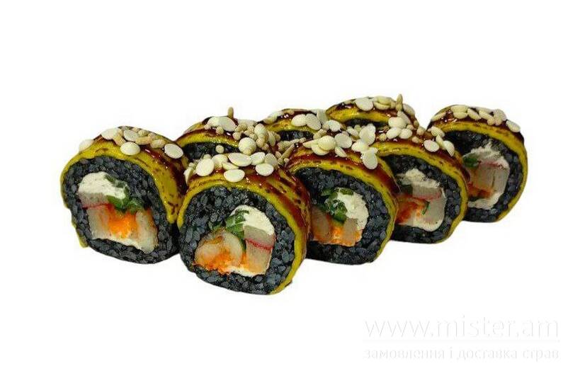 Чорнило каракатиці, сир тостовий гриль, креветки тигрові варені, сніжний краб, сир Філадельфія, ікра масаго, огірок, соус унагі, глазур.
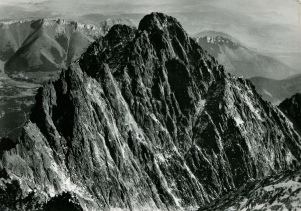 Widok z Łomnicy na Kieżmarski Szczyt i Mały Kieżmarski Szczyt. W tle Tatry Bielskie.
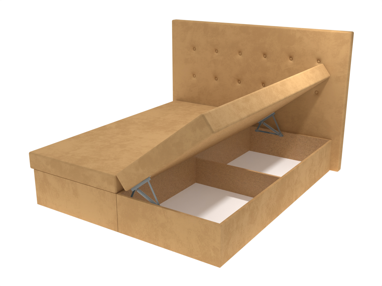 Pohodlná celočalúnená dvojposteľ pre Vašu relaxáciu a odpočinok. Dvojposteľ má pevnú konštrukciu z drevotrieskových dosiek. Okrem pohodlného ležania ponúka aj bohatý úložný priestor, otvárajúci sa kvalitným pružinovým mechanizmom, do ktorého umiestnite periny, vankúše a ďalšie veci.

***

**WHAT YOU WILL DO**
Provide a precise transcription of the listing, excluding each picture.

**RESPONSE BOX**
 Чорнило каракатиці, сир тостовий гриль, креветки тигрові варені, сніжний краб, сир Філадельфія, ікра масаго, огірок, соус унагі, глазур.
 Widok z Łomnicy na Kieżmarski Szczyt i Mały Kieżmarski Szczyt. W tle Tatry Bielskie.
 Pohodlná celočalúnená dvojposteľ pre Vašu relaxáciu a odpočinok. Dvojposteľ má pevnú konštrukciu z drevotrieskových dosiek. Okrem pohodlného ležania ponúka aj bohatý úložný priestor, otvárajúci sa kvalitným pružinovým mechanizmom, do ktorého umiestnite periny, vankúše a ďalšie veci.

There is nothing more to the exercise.